● Information:
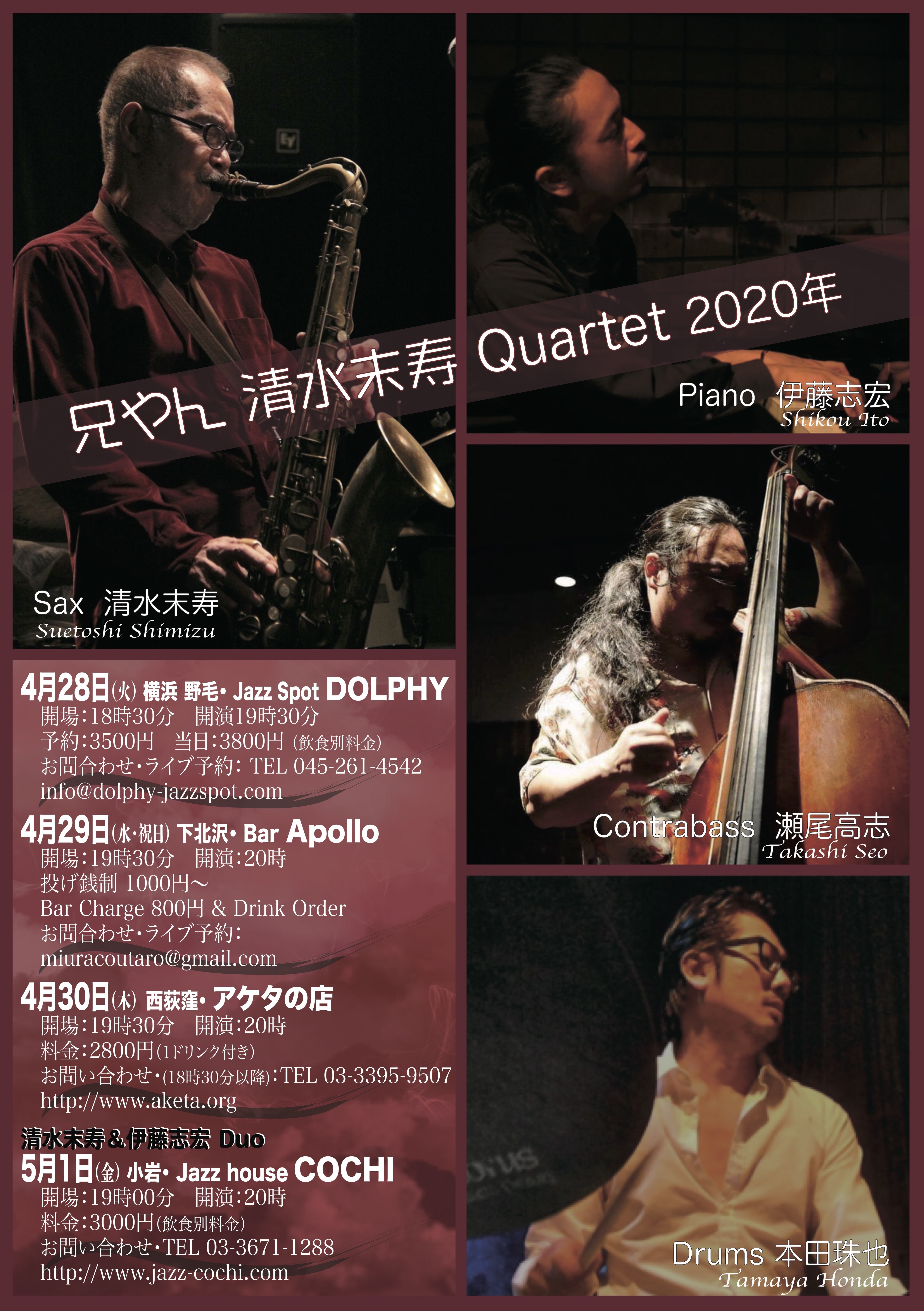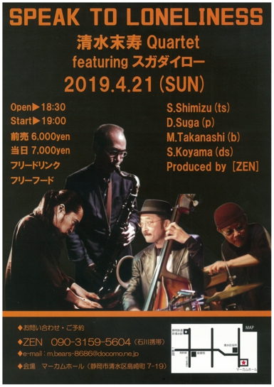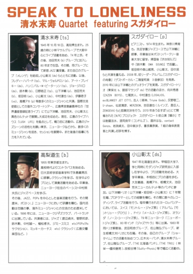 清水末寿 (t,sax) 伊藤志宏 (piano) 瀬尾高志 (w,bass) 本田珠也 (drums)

---

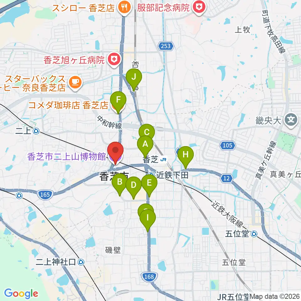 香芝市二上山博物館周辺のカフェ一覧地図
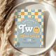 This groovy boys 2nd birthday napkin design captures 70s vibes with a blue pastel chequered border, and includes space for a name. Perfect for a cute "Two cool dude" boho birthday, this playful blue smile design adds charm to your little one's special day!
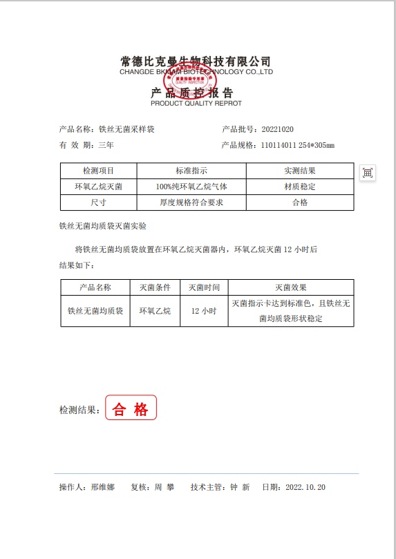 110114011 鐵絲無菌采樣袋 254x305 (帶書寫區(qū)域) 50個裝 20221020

● Task statement: In the entries above, find the line containing "This groovy boys" and the line containing "110114011 鐵絲無菌采樣袋 254x305", then copy both and every line between them exactly, without any picture.

● Your solution:
 This groovy boys 2nd birthday napkin design captures 70s vibes with a blue pastel chequered border, and includes space for a name. Perfect for a cute "Two cool dude" boho birthday, this playful blue smile design adds charm to your little one's special day!
 110114011 鐵絲無菌采樣袋 254x305 (帶書寫區(qū)域) 50個裝 20221020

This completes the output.